Time series forecasting is a difficult problem with no easy answer. There are countless statistical models that claim to outperform each other, yet it is never clear which model is best.
That being said, ARMA-based models are often a good model to start with. They can achieve decent scores on most time-series problems and are well-suited as a baseline model in any time series problem.
The ARIMA model acronym stands for “Auto-Regressive Integrated Moving Average” and for this article we will will break it down into AR, I, and MA.
Autoregressive Component — AR(p)
The autoregressive component of the ARIMA model is represented by AR(p), with the p parameter determining the number of lagged series that we use.
AR(0): White Noise
If we set the p parameter as zero (AR(0)), with no autoregressive terms.
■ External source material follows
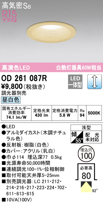 ODELIC ¥ª¡¼¥Ç¥ê¥Ã¥¯ ¥À¥¦¥ó¥é¥¤¥È OD261087R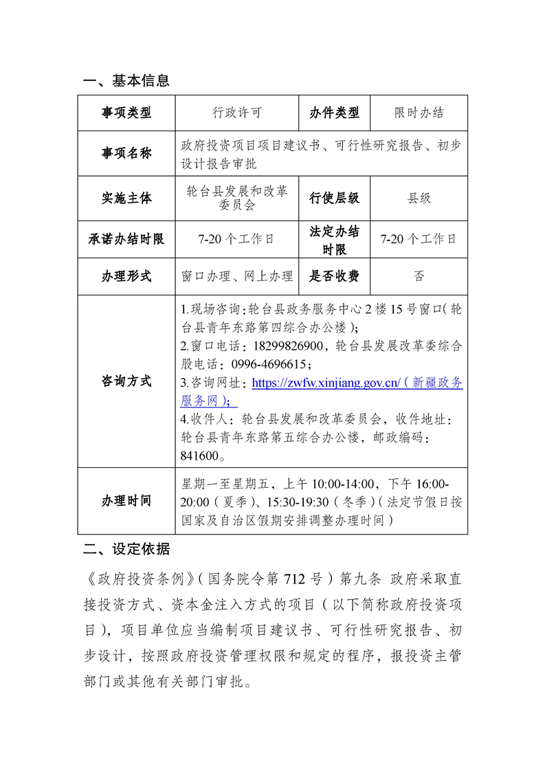 轮台县政府投资项目审批办事指南

This time series is just white noise. Each data point is sampled from a distribution with a mean of 0 and a variance of sigma-squared. This results in a sequence of random numbers that can’t be predicted. This is really useful as it can serve as a null hypothesis, and protect our analyses from accepting false-positive patterns.
AR(1): Random Walks and Oscillations
With the p parameter set to 1, we are taking into account the previous timestamp adjusted by a multiplier, and then adding white noise. If the multiplier is 0 then we get white noise, and if the multiplier is 1 we get a random walk. If the multiplier is between 0 < α₁ < 1, then the time series will exhibit mean reversion. This means that the values tend to hover around 0 and revert to the mean after regressing from it.
AR(p): Higher-order terms
Increasing the p parameter even further is just means going further back and adding more timestamps adjusted by their own multipliers. We can go as far back as we want, but as we get further back it is more likely that we should use additional parameters such as the moving average (MA(q)).
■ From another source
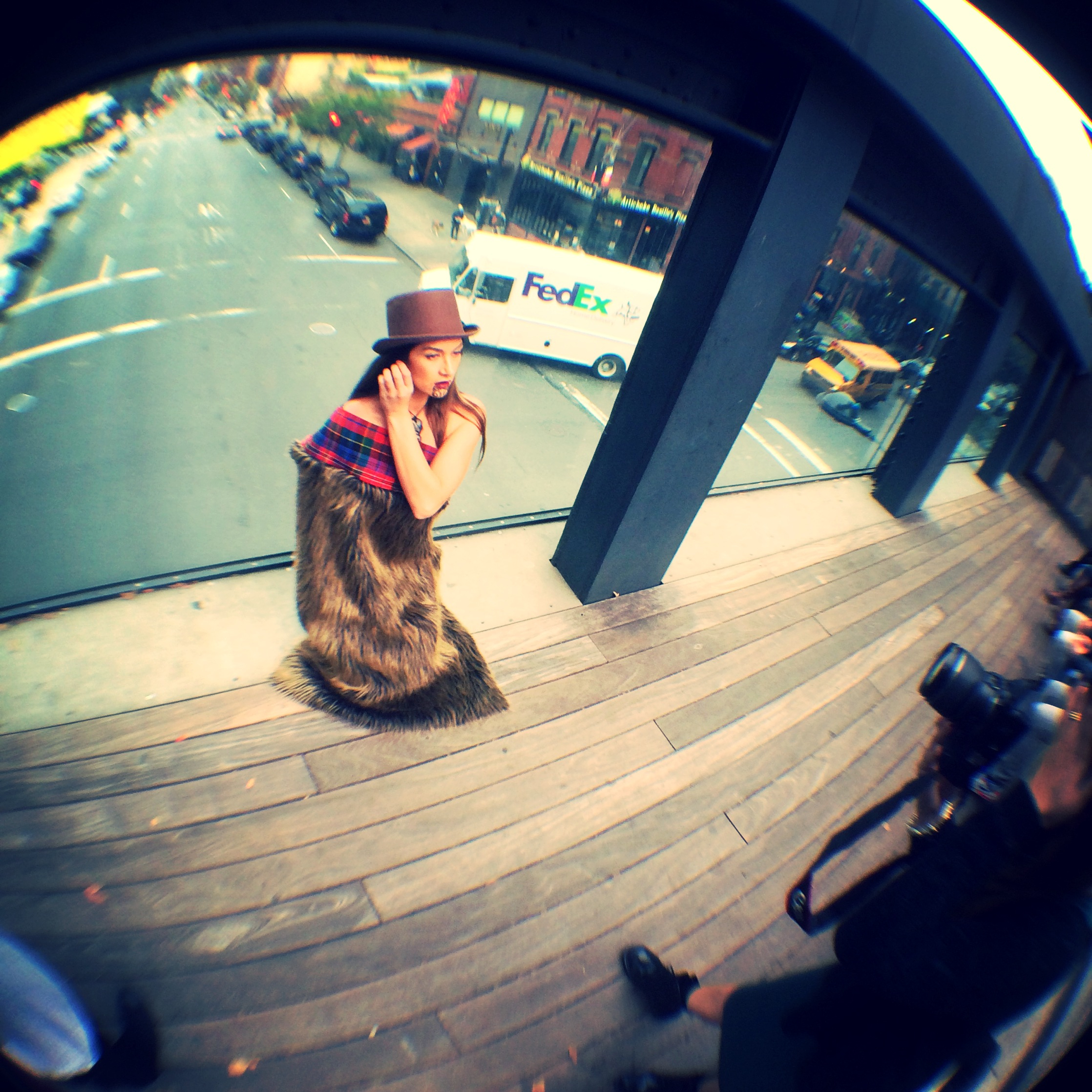 Tuesday here in the United States of America was Veteran’s day. New York city has a huge parade that started at 11.30am and went all the way till 3.30pm going up 5th Ave from 23rd St till 59th St. That is a huge and busy chunk of New York and after 9/11 the intensity and purpose of this parade means that much more to New Yorkers. The traffic was crazy, but luckily for us we were rocking the waewae express. But we definitely felt sorry for the detoured traffic, they were backed up all sorts of ways. We headed on down to see if we could catch some sort of military contingent to snap some photos with. We knew with the relevance of our name being Soldiers Rd we really wanted to grab some shots with some people down there. Equipped with our Soldiers Rd Maori makeover bag, we saw some Army trucks and smack bam on the sidewalk, got changed. I was able to jump on one of their army trucks and they were pretty obliged to let us just do our thing. We also were able to search out a few veterans. One was called Nick, he was a returned servicemen in his late 60’s I’d say and he had no trouble posing staunch with me. I was dressed up in our full on vintage, straight colonial days kakahu. Hair swirled up and feathers adorned. A few people thought I was part of the parade I think, because I posed for a few photos with people passing by. One lady even followed me to ask me what Native American tribe I was from. When I explained that I was actually from New Zealand, we engaged in a conversation about moko and the similarities between Native American culture and ours, and she couldn’t believe that with the way I was dressed and with the feathers I was wearing, that I wasn’t somehow a part of the Native American veterans contingent in the parade. She snapped some pictures with me regardless and was grateful to have met her first New Zealander. We also got a shot with a current U.S soldier dressed in his army gear bearing the flag for Black Veterans for Social Justice. He was awesome and we asked for a Soldiers Rd shot with him and his son. We did notice that the parade was divided into the relevant groups depending on their race. We also saw loads of high school marching bands and caught up with a former Navy officer named Carl (sounded like Cole in his New York accent haha) that posed for a photo with me and also managed to get a kiss on the cheek from both of us, the old charmer. Lol. After getting changed, I was randomly asked by some people nearby for an interview. Turns out they were from SONY and were interviewing people for the newly released film called “FURY” starring none other than Brad Pitt. They had me at Brad. LOL.

“This component is not a rolling average, but rather the lags in the white noise.” — Matt Sosna
MA(q) is the moving average model and q is the number of lagged forecasting error terms in the prediction. In an MA(1) model, our forecast is a constant term plus the previous white noise term times a multiplier, added with the current white noise term. This is just simple probability + statistics, as we are adjusting our forecast based on previous white noise terms.
ARMA and ARIMA architectures are just the AR (Autoregressive) and MA (Moving Average) components put together.
The ARMA model is a constant plus the sum of AR lags and their multipliers, plus the sum of the MA lags and their multipliers plus white noise. This equation is the basis of all the models that come next and is a framework for many forecasting models across different domains.
ARIMA Formula — By Author
The ARIMA model is an ARMA model yet with a preprocessing step included in the model that we represent using I(d). I(d) is the difference order, which is the number of transformations needed to make the data stationary. So, an ARIMA model is simply an ARMA model on the differenced time series.